MATERIAL FOR THIS TASK section start

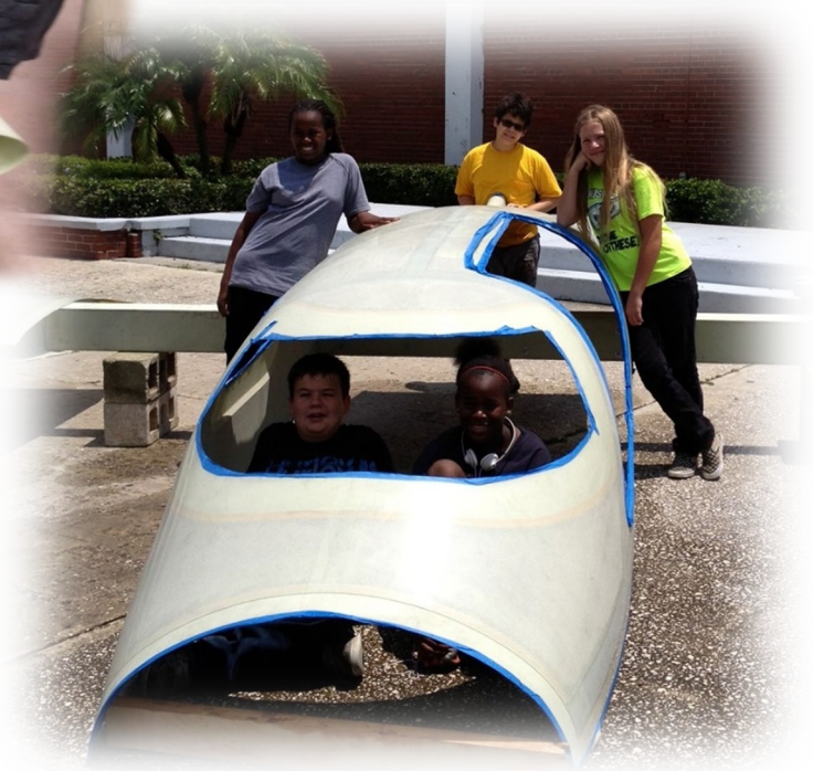
Steward ACE and CAP cadets with Build-a-Plane Project at school and at County Fair
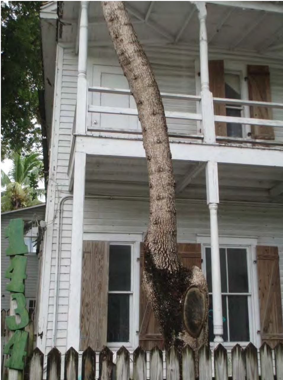
Chinaberry tree #1

On or about December 5, 2015, trees were trimmed on the property by the property owner, Tom Timblin. Several phone calls were received from the neighbors regarding the trimming work done to their trees (1438 Virginia Street). An inspection of the property on December 10 and 11, 2015 revealed that several regulated trees had been improperly trimmed, that permits would have been required for some of trimming, and that no permits had been issued.
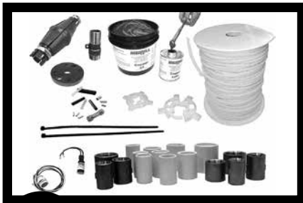
7 Splice Kits, Torque Arrestors, Couplings Pages 97-105
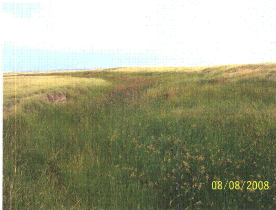
Photo 74: WL-37s. Emergent wetland in Sage Creek. Looking southeast.
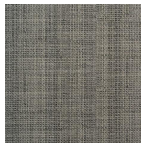
COMET RAPHIA 2351 Gris 97
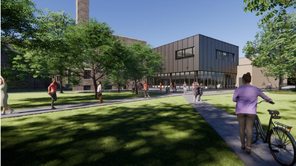
Southeast view to cafeteria and science block (Moffet & Duncan; Diamond Schmitt (June 2023)).
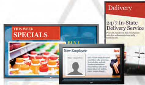
LCD Displays from 32" - 65" class
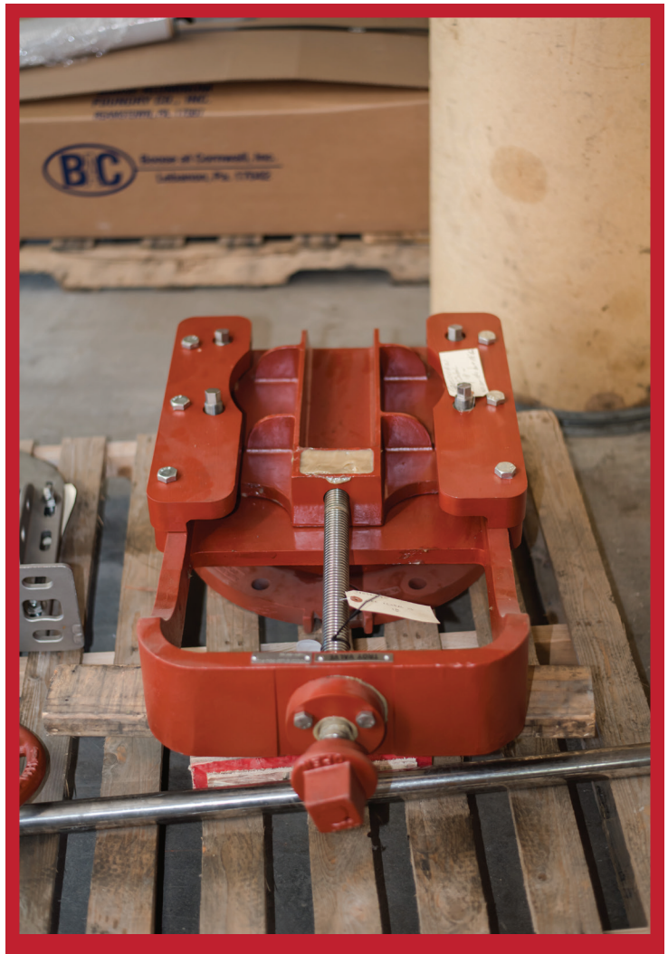
12" Sluice Gate

MATERIAL FOR THIS TASK section end

> _PROBLEM REQUIREMENTS_: Check each line of the data above for the word "from" and copy the ones where it is found.

> _EXERCISE SOLUTION_:
On or about December 5, 2015, trees were trimmed on the property by the property owner, Tom Timblin. Several phone calls were received from the neighbors regarding the trimming work done to their trees (1438 Virginia Street). An inspection of the property on December 10 and 11, 2015 revealed that several regulated trees had been improperly trimmed, that permits would have been required for some of trimming, and that no permits had been issued.
LCD Displays from 32" - 65" class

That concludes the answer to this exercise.